If this isn’t complicated enough, consider the Cambridge University Press edition, below. Note the following things: the name of the editor, the ISBN number, the fact that it is 622 pages long (the Norton Critical edition is 423 pages) and the whopping big price tag. The description doesn’t go into as much detail as the Norton edition. So which one is better, truer to the original, with better notes and annotations and essays? The page count and the price tag on the Cambridge edition might influence you. Your Aunt Ruth’s birthday is coming up. She is a Janite of the first order and she would want everything there is to know, so you spring for the expensive version.

CUP Edition

CUP Edition

Amazon

Amazon

Or you try to. Because this is where the real problems start, when you toddle off to Amazon to find a copy of the expensive CUP edition. It comes up without a hitch (as seen here), same cover, same title, same editor. And look at the huge discount…. even better, on Amazon Marketplace there are other copies for sale, for less than twenty bucks, even.

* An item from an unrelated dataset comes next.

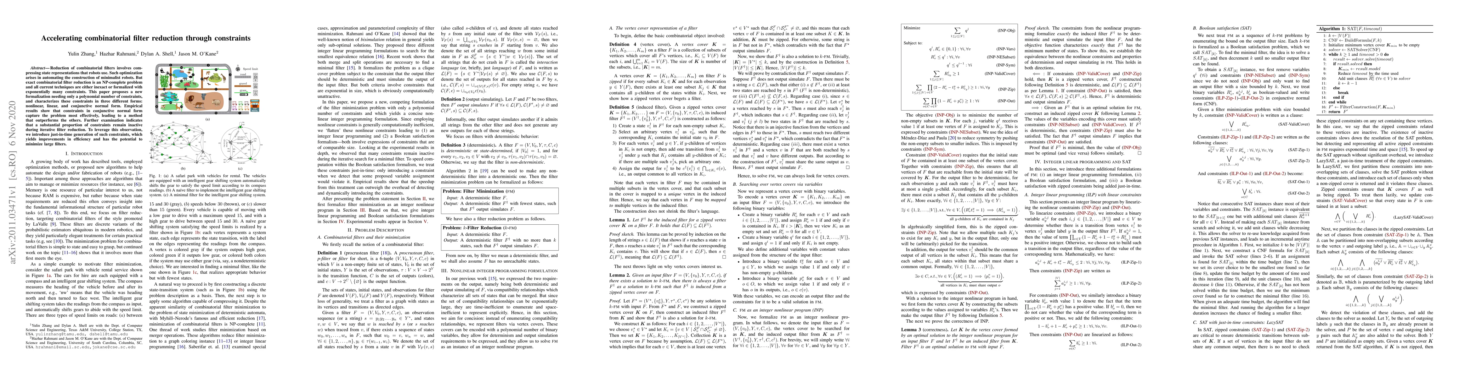 Reduction of combinatorial filters involves compressing state representations that robots use. Such optimization arises in automating the construction of minimalist robots. But exact combinatorial filter reduction is an NP-complete problem and all current techniques are either inexact or formalized with exponentially many constraints. This paper proposes a new formalization needing only a polynomial number of constraints, and characterizes these constraints in three different forms: nonlinear, linear, and conjunctive normal form. Empirical results show that constraints in conjunctive normal form capture the problem most effectively, leading to a method that outperforms the others. Further examination indicates that a substantial proportion of constraints remain inactive during iterative filter reduction. To leverage this observation, we introduce just-in-time generation of such constraints, which yields improvements in efficiency and has the potential to minimize large filters.

Remember that old chestnut about things too good to be true?

pricesHave a closer look at the pricing information.  What should jump out at you is that there’s a kindle edition. Really? A kindle edition of the 600+ page Cambridge University Press version, for less than a dollar?

The confusion stems from Amazon’s misleading layout. They show you prices not just for the CUP edition,  but for all editions.  The Norton editions, Penguin, and every crappy edition ever put out by Barnes & Noble (Get five classic novels for ten bucks!). You don’t realize this, and money is money, and who are you to turn down a deal? You order a copy that’s priced at $25 and sit back to wait.

Now, if you took the time to follow the links you’d see that what you just ordered is not the CUP edition you wanted. But probably you didn’t take the time — why would you? So when the package comes you are not going to be happy. I would like to tell you that the bad news ends here, but there’s another wrinkle, one you wouldn’t find out about it until too late — unless you read through the reviews before you ordered.

A very kind reviewer (who calls him/herself Kiwi) went to the trouble to explain why you have to be careful ordering this book, even if you order the full priced version from up top. You can read the whole review here, but here’s the abbreviated version:

Check the Publisher carefully before you place your order because….,

One of the versions listed is published by “General Books LLC.” Another reader complained about the tiny and almost unreadable font – you probably bought the version published by General Books LLC – and here’s the reason.General Books LLC is an imprint of VDM Publishing, (google them and take a look at the Wikipedia article on them) and they specialise in publishing books that are free of copyright without doing any editing or quality control. […]

So what you’re getting if you buy the version published by General Books LLC is a scanned in, unedited, low quality […] unindexed / No table of contents book at a higher price than many of the good quality imprints available. Basically, VDM Publishing is flooding Amazon with these low quality prints (450,000 of them are listed now) publisher.

and, unfortunately, many of them have the reviews associated with better quality imprints associated with them. The product description is insufficient for the buyer that’s not aware of thisTotally unethical marketing.

‘Buyer beware’ doesn’t really say it strongly enough.

There are book sites that do an excellent job of distinguishing between editions. LibraryThing really works hard on this, but they don’t sell books; and they aren’t worried about a profit. They are concerned with compiling the best, most complete information, book by book, for people who care a lot about books.

Where do ebooks fit into this whole picture? I’ll tackle that question sometime soon.

I’ve been working on this post on and off for a long time, and finally decided to post it today. I finished the corporate taxes, and this is my reward. Really. It’s the INTJ in me, I can’t help it.